The federal Employee Retirement Income Security Act now tries to create a uniform national regulatory environment for multistate employer benefit plans by preempting state regulation of benefit plans.

Rep. Rob Andrews, D-.N.J., who leads the House Education and Labor Committee’s health, employee, labor and pensions subcommittee, convened a hearing Tuesday to give promoters of state-based health insurance regulatory initiatives a chance to talk about the possibility of granting ERISA preemption waivers.

“Although ERISA’s original intent was to establish minimum funding and vesting standard for pension plans, its effect has created an unintended consequence that prohibits states from regulating employer-sponsored health plans,” Andrews said in his opening statement, according to a written version of his testimony.

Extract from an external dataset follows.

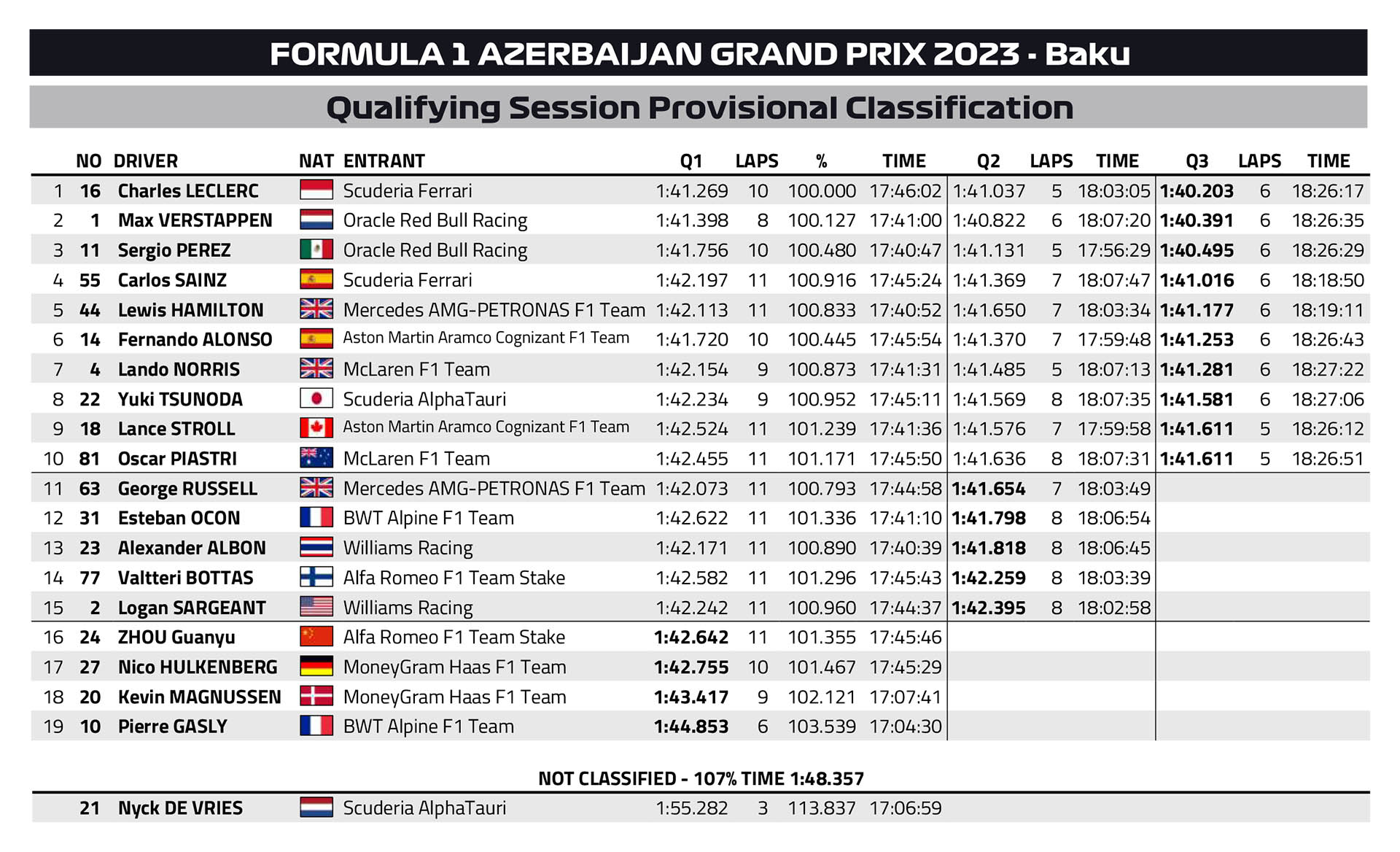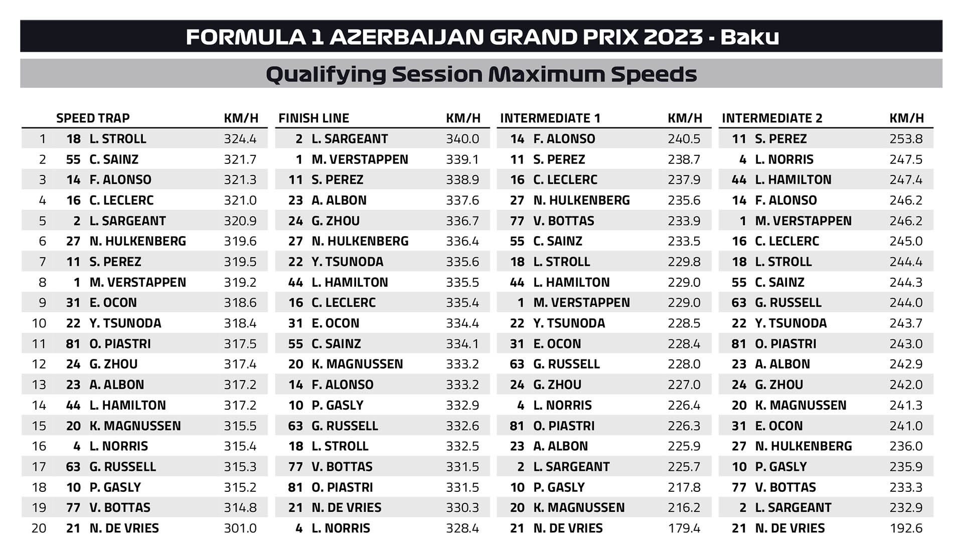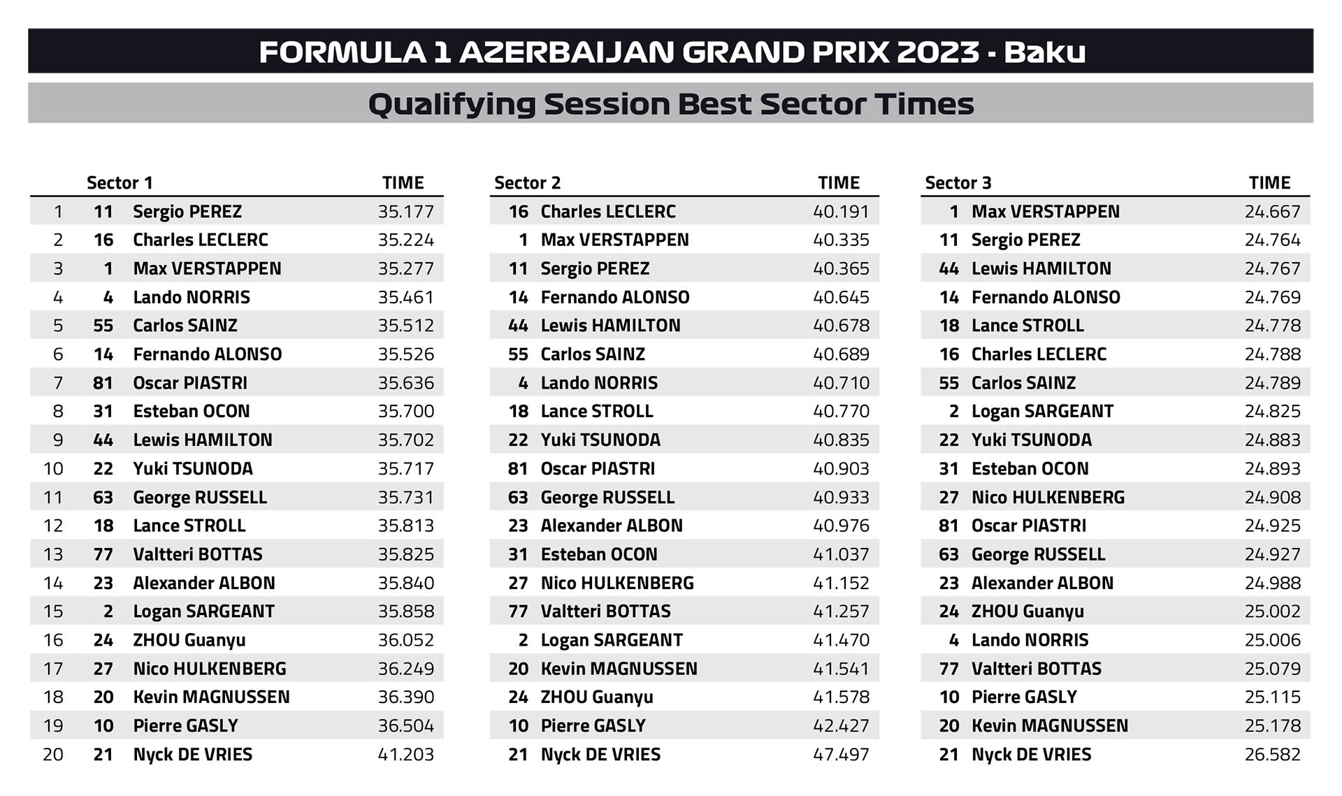 Ο Lance Stroll, που δεν είχε δεύτερο σετ μαλακής γόμας για το Q3 βρέθηκε στην 9η θέση. Το DRS της Aston Martin του Καναδού δεν λειτουργούσε, γεγονός που στο Μπακού μπορεί να κοστίσει έως και 0,6 δλ. στο Μπακού. Ο Oscar Piastri, με τη δεύτερη McLaren σημείωσε ακριβώς τον ίδιο χρόνο με τον Stroll, αλλά επειδή το έκανε αργότερα, θα παραταχθεί πίσω από την Aston Martin στο grid της Κυριακής, συμπληρώνοντας την πρώτη δεκάδα, παρότι δεν αισθανόταν πολύ καλά.

Kevin Covert, who testified on behalf of the American Benefits Council, Washington, an employer group, defended the need for ERISA preemption.

“Simply put, ERISA preemption is vital to the voluntary sponsorship of health plans,” Covert said. “Employers depend on ERISA preemption to ensure that coverage can be offered uniformly across the country while attempting to keep costs as low as possible for workers.”

If Congress pokes holes in ERISA preemption and creates even modest variations in the way multistate benefit plans must operate in different states, that will impose significant costs, Covert said.

John Morrison, the Montana insurance commissioner, argued that ERISA preemption can keep states from organizing successful state-based health care reform efforts, such as efforts to require health plans to define “dependent” to include children up to the age of 25 and efforts to use health plan assessments to fund a risk pool for state residents with health problems.

“Because of ERISA preemptions, self-funded employer plans do not contribute to the funding for this program, even though their employees are able to take advantage of the portability pool when they lose their employer coverage,” Morrison said.